2-year fixed @2.3%, accross all LTVs, with €1,500 cashback and a free valuation - that's a fantastic deal by any standards.

That has to put pressure on other lenders to react - AIB's mortgage products now look very expensive in comparison.


----------



## misemoi (29 Jun 2018)

And I'm off to switch to UB!  I had been interested in the four year fixed but it wasn't as attractive at the rate we are hoping to overpay but this 2.30% rate is excellent.  Now to get a discount on the legal fees as this is our third switch!


----------



## Lightning (29 Jun 2018)

Hopefully we will see competitor price reactions over the coming weeks.  

Charlie Weston has an article in then Indo on the rate changes .


----------



## New2This (29 Jun 2018)

Have been talking with Ulster about the 4 year but wasn't sure, but this new 2 year rate is a winner in my opinion


----------



## Miakk (29 Jun 2018)

@Brendan Burgess, any change in the BTL rates? 

Reluctant landlord here stuck at UB SVR of 4.3% (unless I get some good news about my tracker case), but also barely out of negative equity so no way I can switch as >70% LTV still outstanding on the mortgage balance


----------



## Sybil35 (29 Jun 2018)

Can anyone confirm that they really mean 10% overpayment on outstanding balance? as in 300k mortgage and you can overpay by 30k per year charge free? can it be installments or lump sum?


----------



## RedOnion (29 Jun 2018)

Sybil35 said:


> Can anyone confirm that they really mean 10% overpayment on outstanding balance? as in 300k mortgage and you can overpay by 30k per year charge free? can it be installments or lump sum?

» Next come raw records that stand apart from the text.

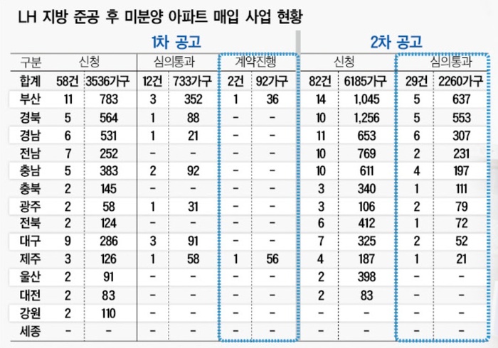18일 <대한경제> 취재를 종합하면, 최근 LH는 2차 사업에 접수된 6185가구(82개 단지)의 심의를 끝마치고 매입 대상을 광역자치단체 10곳의 2260가구(29개 단지)로 좁혔다. 부산이 637가구(5개 단지)로 최다였고 이후 △경북 553가구(5개 단지) △경남 307가구(6개 단지) △전남 231가구(2개 단지) △충남 197가구(4개 단지) △충북 111가구(1개 단지) △광주 79가구(2개 단지) △전북 72가구(1개 단지) △대구 52가구(2개 단지) △제주 21가구(1개 단지) 순이었다.
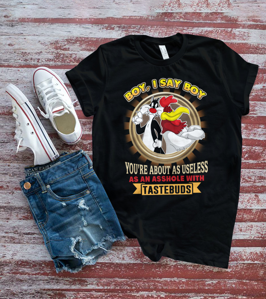 The BOY I SAY BOY YOU'RE ABOUT AS USELESS AS AN ASSHOLE WITH TASTEBUDS Shirt offers a regular fit. Made from 100% ring-spun cotton that is pre-shrunk to help maintain size and shape after washing. Features reinforced construction details for durability. Available in U.S. standard sizes S-5XL to accommodate various body types.
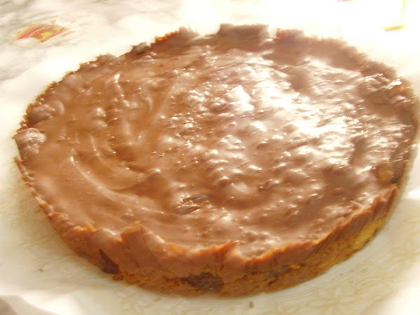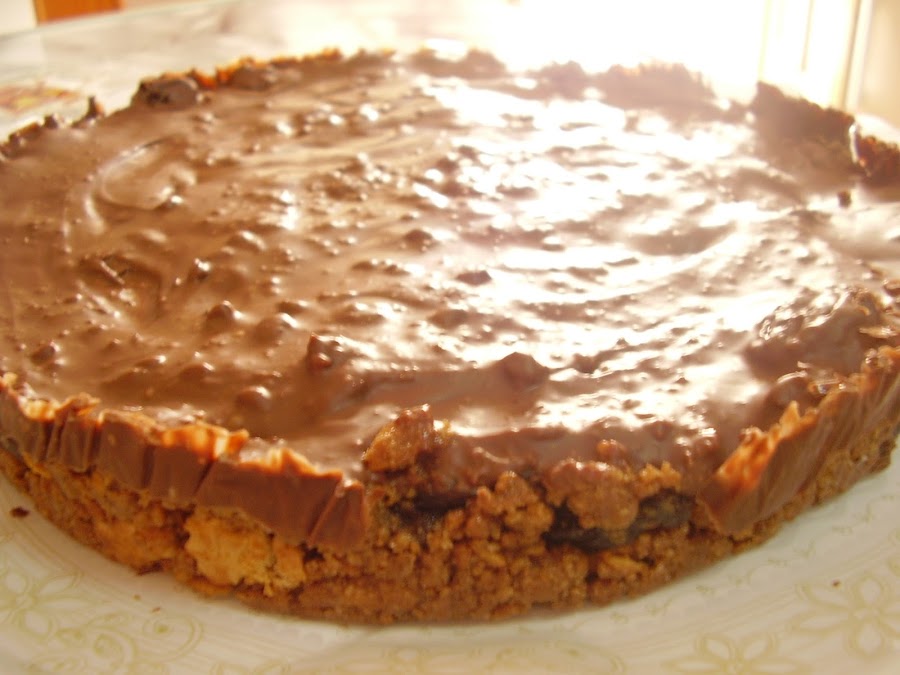 Fundir el chocolate en el baño maría o microondas y extender por encima de la base de galleta.
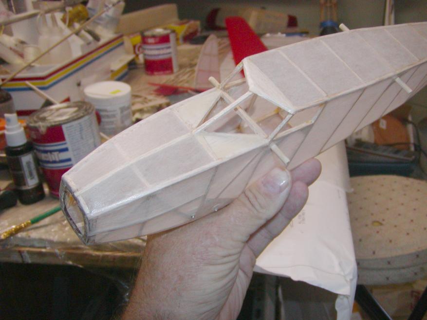 The front of the fuselage showing the top of the structure is shown here. As you can see, the Polyspan makes a very nice covering and it strong!!
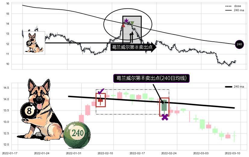 ⚀ 2022-02-22-日显现 葛兰威尔均线 240日均线 第⑧卖出点 下降趋势的中继信号,后市看跌,卖出信号
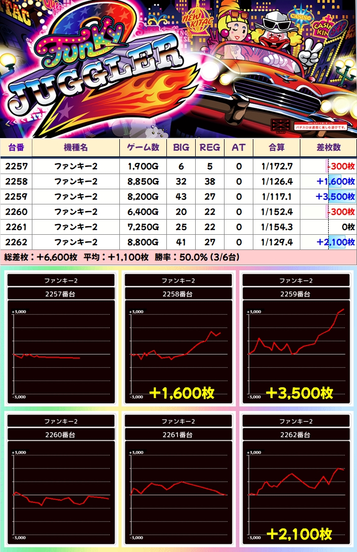 ファンキー2は6台並び。マイナス台はあるものの稼働からも良い要素が確認できたことが窺えます。ジャグは各シリーズ優秀台の並びがありました。

Hi, yes their t&c's allow for 10% of the balance at the start of that year (so in your example 30k in year 1, 27k in year 2, etc). Either lump sum or regular payment are allowed.


----------



## Sybil35 (29 Jun 2018)

That's great RedOnion. Also is there a minimum term you need to be with your current bank before you can switch? Still hoping to get a quick switch into EBS for the cash bank and then Ulster.


----------



## RedOnion (29 Jun 2018)

I'm not entirely sure about minimum term. They had talked about accepting switchers after just 6 months, but I don't know if that was with current lender, or in total. There are some posts in the switchers forum from people who seemed to have managed it.


----------



## RedOnion (29 Jun 2018)

@Brendan Burgess 
It's interesting to look at the rate movements across lenders since Q1 2017.

In that period, AIB is the only lender to have reduced SVR! Butwe've seen cuts of up to 0.9% on fixed rates (PTSB 5 year) as well as the introduction of new products such as this 2 year from UB.

It's interesting to read the SVR policy statement from each bank in that context...

Some interesting comments from Goodbody, including the impact on bottom line for each bank for a 25bps drop in rates: [broken link removed]


----------



## HollowKnight (29 Jun 2018)

Long time lurker, first time poster. 

About to switch to UB and now can't decide between the 2.3% for 2 years or the 2.6% for 4 years. 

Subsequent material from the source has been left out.